(From right) The original Fiesta medal of the Coppini Academy of Fine Arts next to the 2019 medal.
(From right) The Coppini Academy of Fine Arts founder's original Fiesta medal from 1905 next to the 2019 replica medal. Credit: Bonnie Arbittier / San Antonio Report

The Coppini Academy of Fine Arts is offering a trip back in time to Fiesta’s origins 114 years ago.

The academy, in its continuing effort to bring the exploits of artist Pompeo Coppini to light, will sell a replica of its founder’s original Fiesta medal, dated “APR 1905” and made for what was then called the San Antonio Spring Carnival.

The copper-toned medals will be introduced at the Coppini Academy’s Medal Mania event Wednesday from 4-8 p.m. at its Melrose Place home.
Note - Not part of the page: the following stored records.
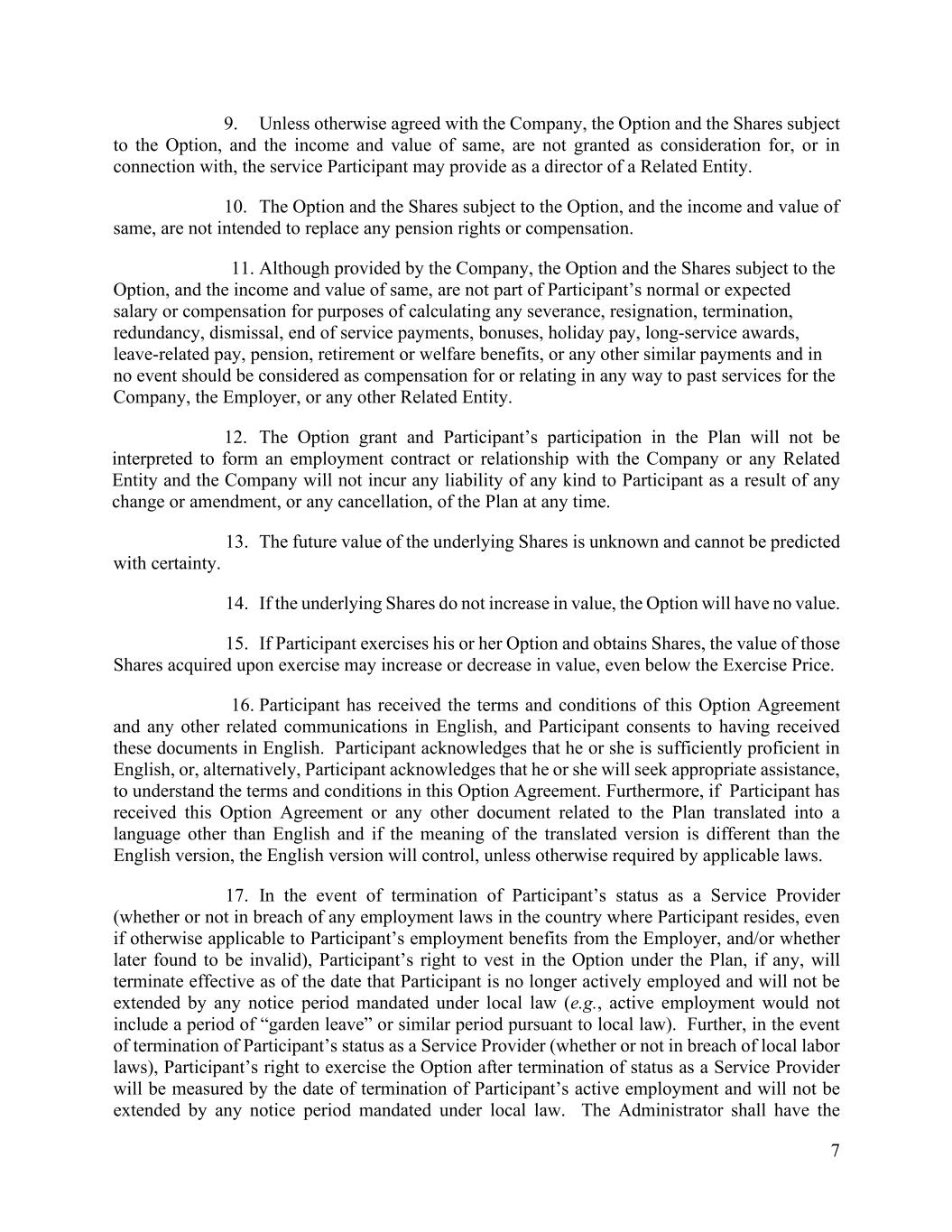7 9. Unless otherwise agreed with the Company, the Option and the Shares subject to the Option, and the income and value of same, are not granted as consideration for, or in connection with, the service Participant may provide as a director of a Related Entity. 10. The Option and the Shares subject to the Option, and the income and value of same, are not intended to replace any pension rights or compensation. 11. Although provided by the Company, the Option and the Shares subject to the Option, and the income and value of same, are not part of Participant’s normal or expected salary or compensation for purposes of calculating any severance, resignation, termination, redundancy, dismissal, end of service payments, bonuses, holiday pay, long-service awards, leave-related pay, pension, retirement or welfare benefits, or any other similar payments and in no event should be considered as compensation for or relating in any way to past services for the Company, the Employer, or any other Related Entity. 12. The Option grant and Participant’s participation in the Plan will not be interpreted to form an employment contract or relationship with the Company or any Related Entity and the Company will not incur any liability of any kind to Participant as a result of any change or amendment, or any cancellation, of the Plan at any time. 13. The future value of the underlying Shares is unknown and cannot be predicted with certainty. 14. If the underlying Shares do not increase in value, the Option will have no value. 15. If Participant exercises his or her Option and obtains Shares, the value of those Shares acquired upon exercise may increase or decrease in value, even below the Exercise Price. 16. Participant has received the terms and conditions of this Option Agreement and any other related communications in English, and Participant consents to having received these documents in English. Participant acknowledges that he or she is sufficiently proficient in English, or, alternatively, Participant acknowledges that he or she will seek appropriate assistance, to understand the terms and conditions in this Option Agreement. Furthermore, if Participant has received this Option Agreement or any other document related to the Plan translated into a language other than English and if the meaning of the translated version is different than the English version, the English version will control, unless otherwise required by applicable laws. 17. In the event of termination of Participant’s status as a Service Provider (whether or not in breach of any employment laws in the country where Participant resides, even if otherwise applicable to Participant’s employment benefits from the Employer, and/or whether later found to be invalid), Participant’s right to vest in the Option under the Plan, if any, will terminate effective as of the date that Participant is no longer actively employed and will not be extended by any notice period mandated under local law (e.g., active employment would not include a period of “garden leave” or similar period pursuant to local law). Further, in the event of termination of Participant’s status as a Service Provider (whether or not in breach of local labor laws), Participant’s right to exercise the Option after termination of status as a Service Provider will be measured by the date of termination of Participant’s active employment and will not be extended by any notice period mandated under local law. The Administrator shall have the
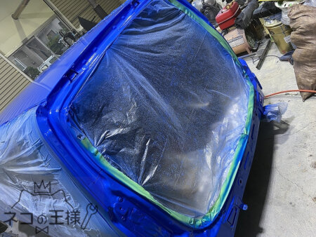 外したリアゲートの裏も丁寧に塗っていく。営業車故、内装部品の面積は少ないので丸々塗った方がカッコイイ。
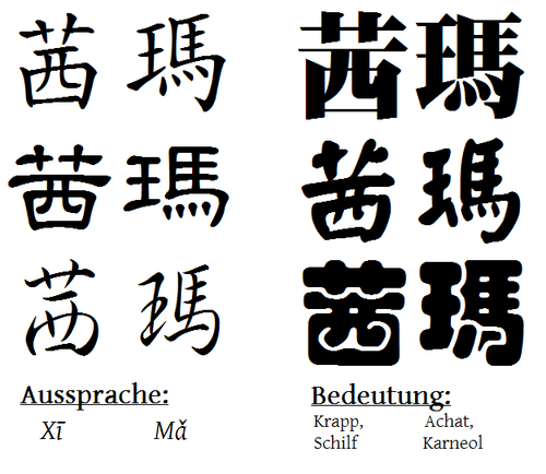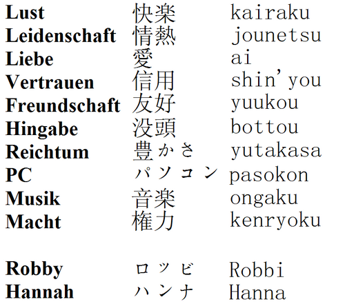 Da inzwischen auch explizit Anfragen wegen Japanisch kommen und man dort z.T. auch Kanji (d.h. chinesische Schriftzeichen) verwendet, habe ich mich entschlossen, Japanisch und Chinesisch kurzerhand zusammenzulegen. Außer Kanji benutzt man noch Hiragana für (u.a.) grammatische Endungen und Partikeln, sowie Katakana für die Schreibweise von ausländischen Namen, Tieren und Geräuschen. |  | Japanische Worte Einige japanische Worte, die jemand mal als Bilddatei haben mochte. Rechts steht die Aussprache. Das Bild ist zur freien Verf |
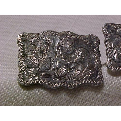 Very excellent pair if floral engraved cuff links of sterling silver. They have a western appeal to them. They measure 1" long. <p> The condition is good. Old patina is present. As well as being marked on the back sterling silver it says "overla". I think it is suppose to say "overlay".
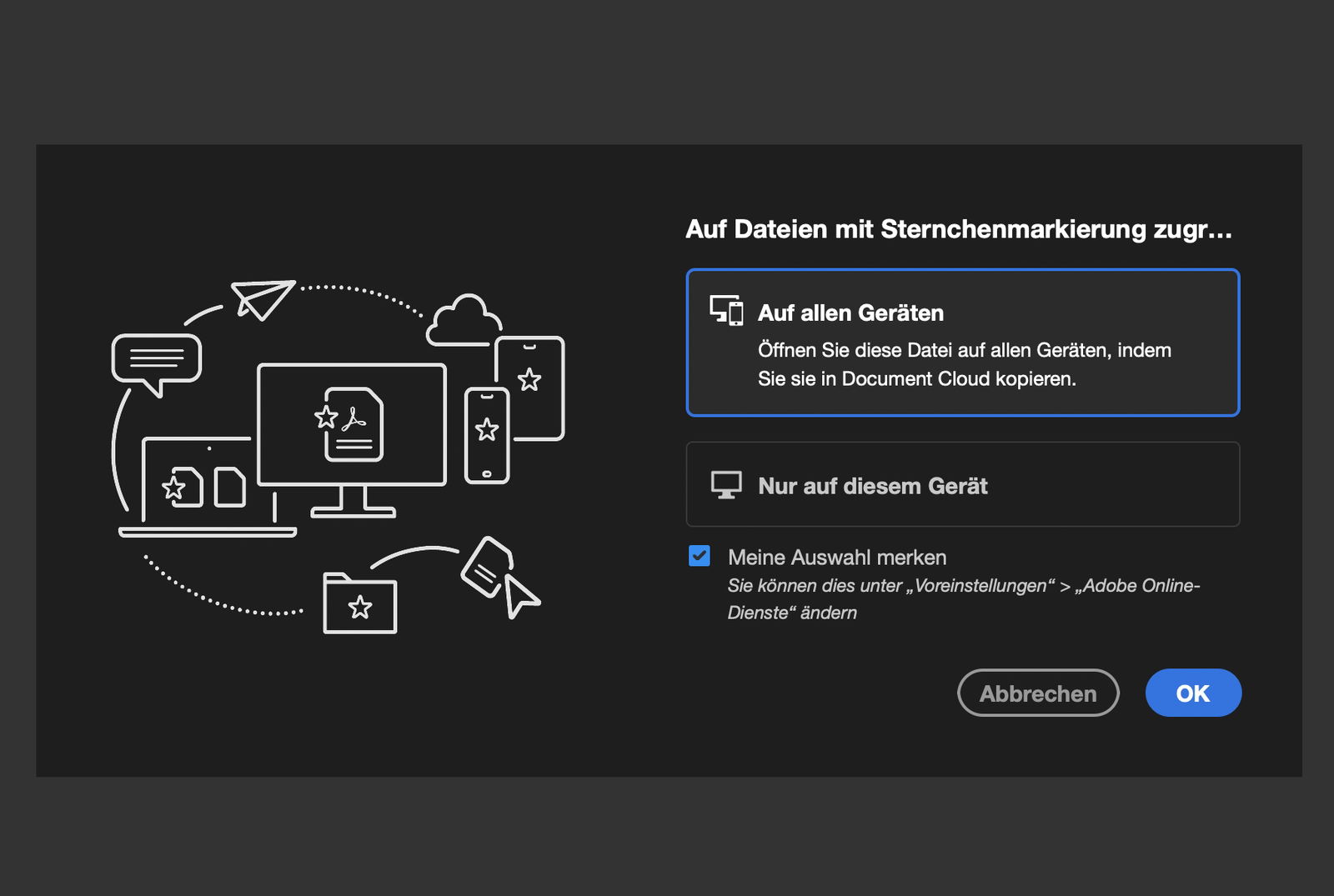 Klickt dazu in der entsprechenden PDF-Datei auf den Stern oben links in der Symbolleiste. Beim ersten Nutzen fragt der Reader euch, ob die Markierung nur das aktuelle Gerät oder geräteübergreifend sein soll. Wenn die Favoriten auf allen euren Geräten verfügbar sein sollen, benötigt ihr einen kostenlosen Adobe Account.
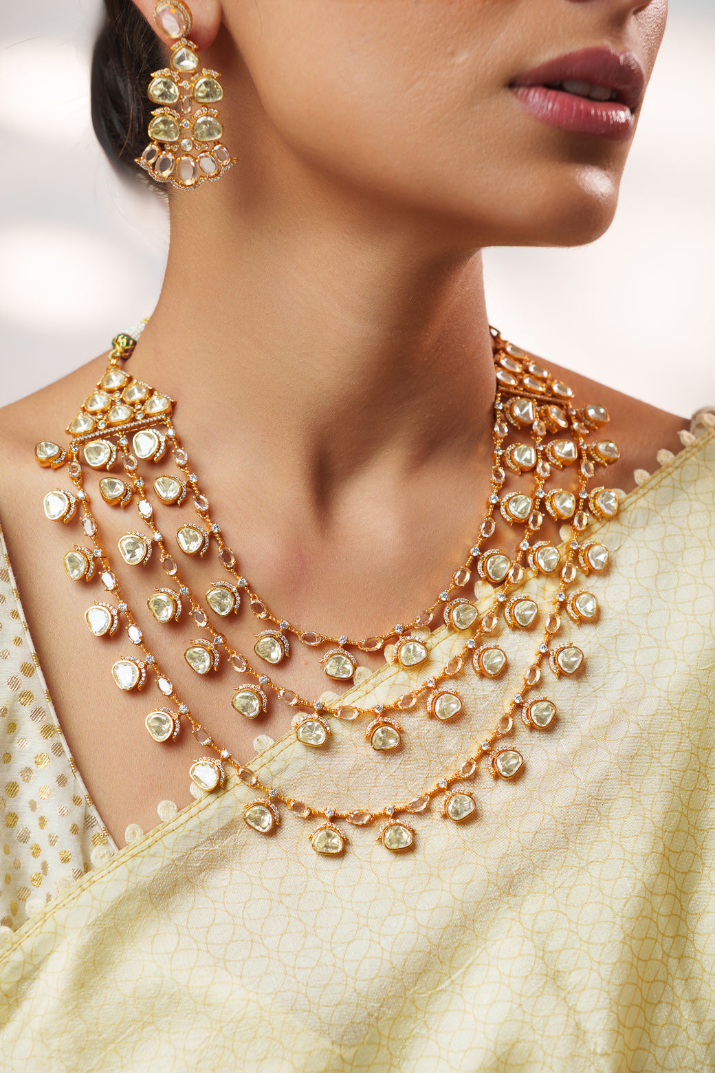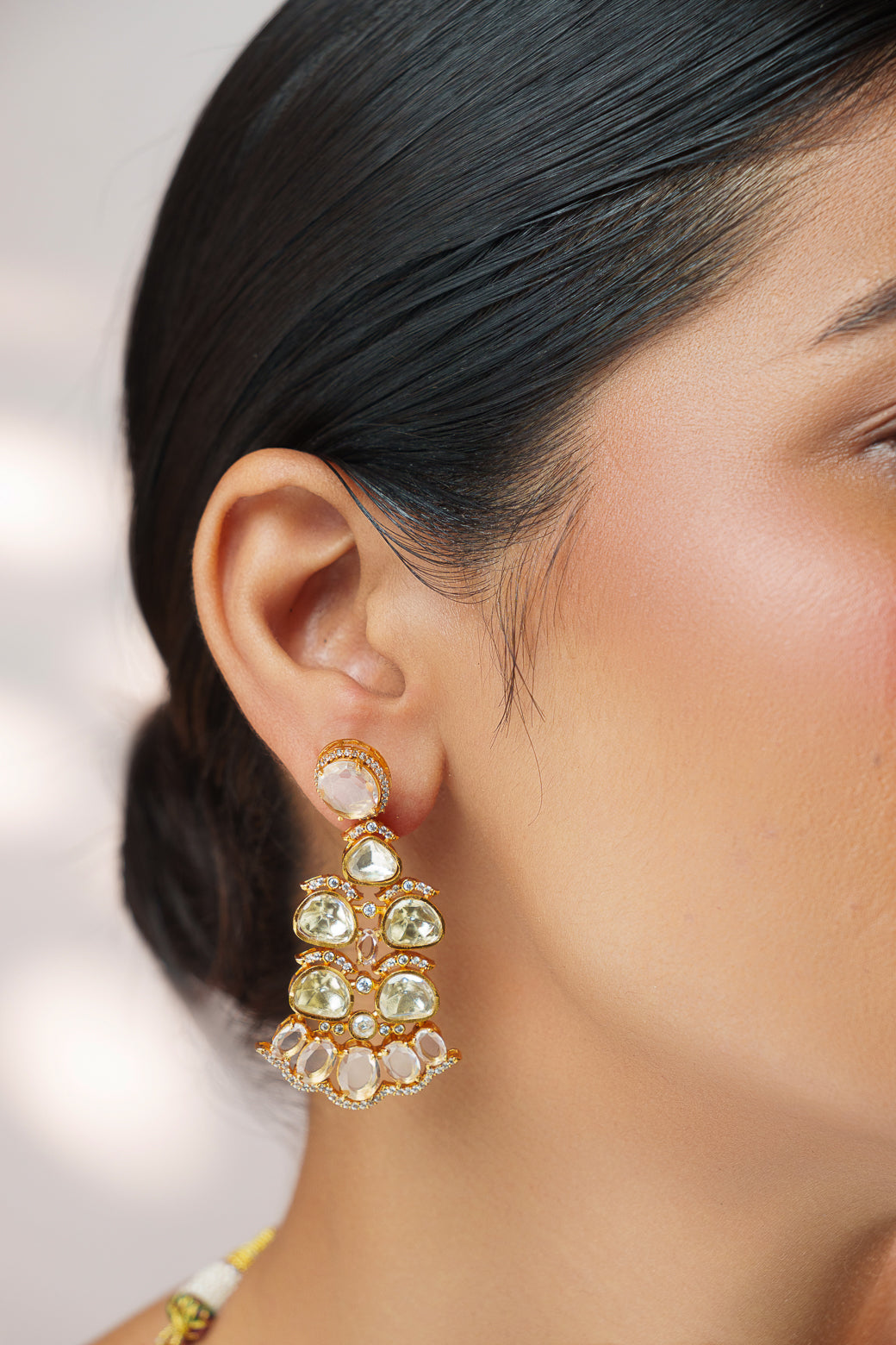 A masterpiece of regal allure, featuring 3 line long set with exquisite moissanite stones that shimmer with divine brilliance. Its graceful, elongated design adds a touch of majesty to any ensemble, making it perfect for grand occasions.
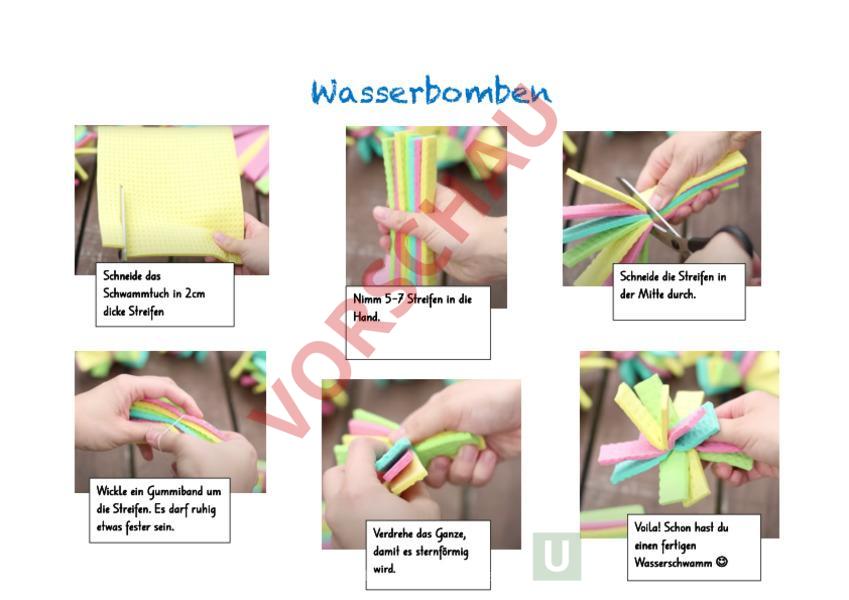 Wasserbomben Schneide das Schwammtuch in 2cm dicke Streifen Wickle ein Gummiband um die Streifen. Es darf ruhig etwas fester sein. Nimm 5-7 Streifen in die Hand. Verdrehe das Ganze, damit es sternförmig wird. Schneide die Streifen in der Mitte durch. Voila! Schon hast du einen fertigen Wasserschwamm
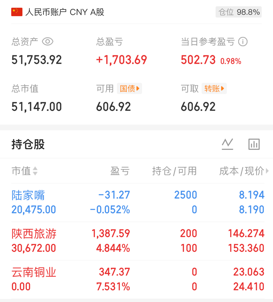 $陕西旅游(SH603402)$ 加了一百股,坐等翻倍,顺便买了点陆家嘴,一个地产一个旅游
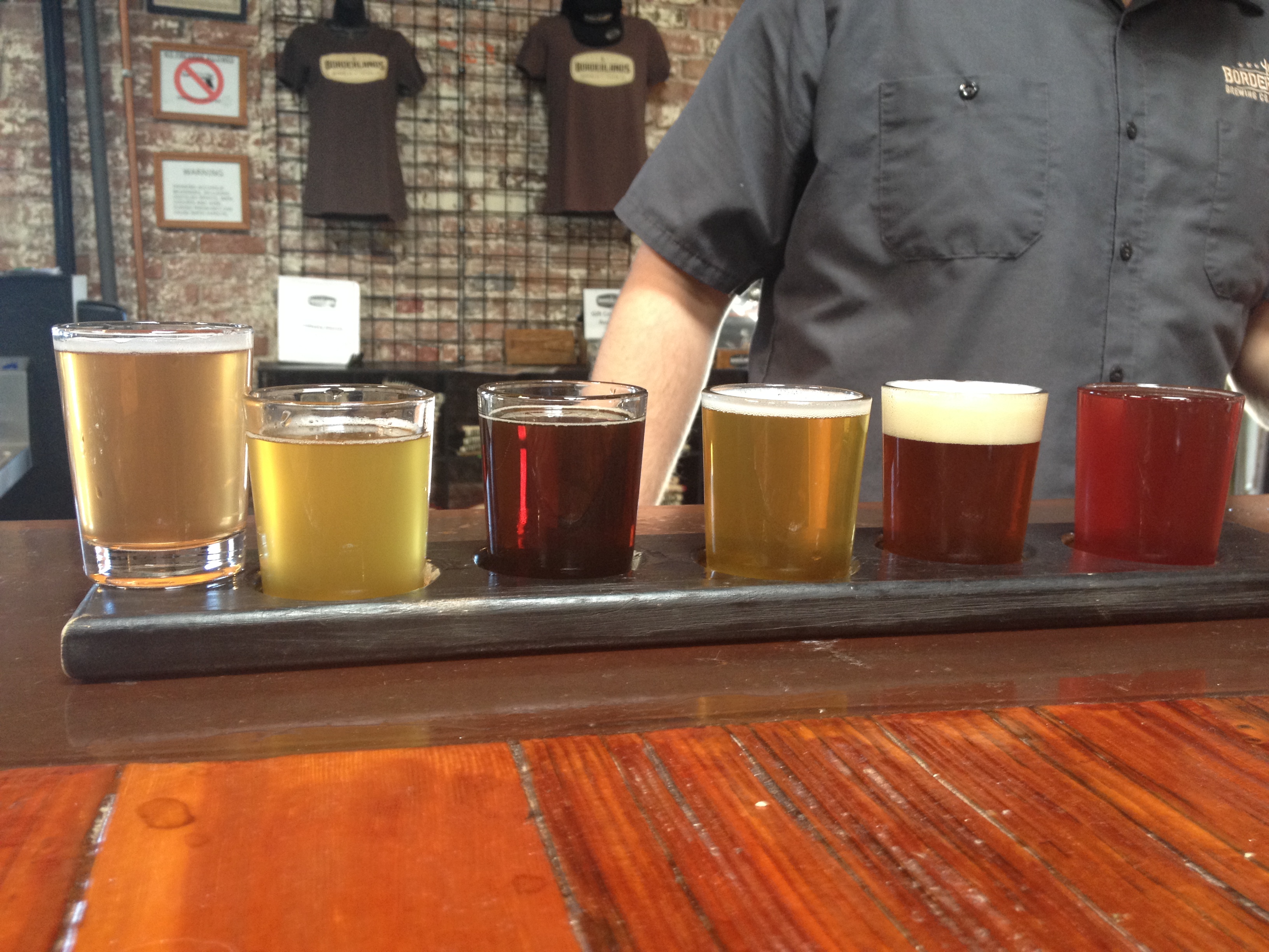 There are six beers on tap at Borderlands and a flight will run you a measly $8.
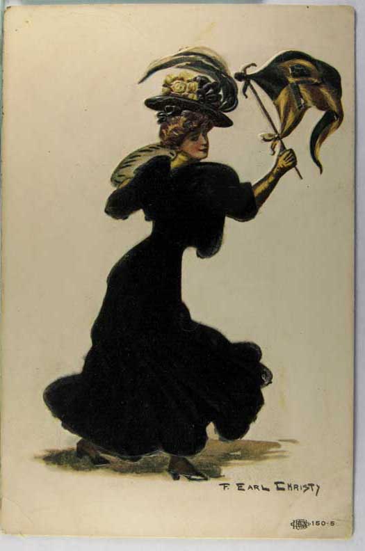 Card # 164889. View Larger | Rotate College Girl, Art. Sig. Christy, Princeton, #150-5, w/Black Silk Add-On DB emb cor crsw F-VF
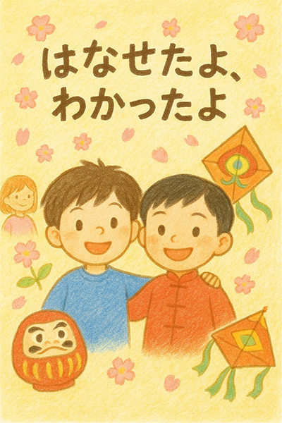 出店名 日本語×中国語 ことばシアター 出店内容 日本語と中国語による読み聞かせ動画の上映、プロジェクト成果の展示 出店コメント 植村ゼミではAIを使って、3歳向けの『ボクのなきごえ これであってる?』、3〜6歳向けの『ヒーローになりたい!ドンくん』、7〜9歳向けの『はなせたよ、わかったよ』の3つのオリジナル絵本を制作しました!浜風祭では、各作品の中国語と日本語での読み聞かせ動画を上映します!また、絵本の制作過程や幼稚園等で実施させていただいた読み聞かせ会の様子を展示にて公開いたします。絵本が好きなお子様も、中国語に興味がある大人の方も、ゼミの活動に興味のある学生の皆様もぜひお越しください! 団体名 植村ゼミ 団体紹介 中日翻訳・中国語教育をテーマとしているゼミです。

The souvenirs will then be available for $15 each at the school and The Junction antiques store through Fiesta, April 18-28.

Coppini is noted for his Alamo Cenotaph sculptures detailing the famous defenders who died during the 1836 battle that once defined Texas independence. But the Italian immigrant is more central to San Antonio and Texas traditions than many realize.

As noted in a Rivard Report profile last October, Coppini helped save Alamo Plaza by reportedly introducing historian and preservationist Adina De Zavala to businesswoman Clara Driscoll, who provided the funds to spare the Alamo Mission from the early commercial development that once threatened its existence. Coppini also gathered funders and supporters to establish the Knights of Omala (Alamo spelled backward), headquartered in the Melrose Place studio that still houses his namesake academy. The “K of O” inscription on the replica medal recalls the Knights, who transformed the earlier carnival into the parade-based festival San Antonians know today and became the Order of the Alamo that still presents the Coronation of the Fiesta Queen.

The original medal was intended as a badge for the parade’s King Selamat (the word tamales spelled backward) and depicted a Mexican person with two stacked sombreros partially covering a feather headdress and a half-face mask. According to publicist John Bloodsworth, Coppini intended the composite figure to represent “those who had settled and lived in San Antonio.”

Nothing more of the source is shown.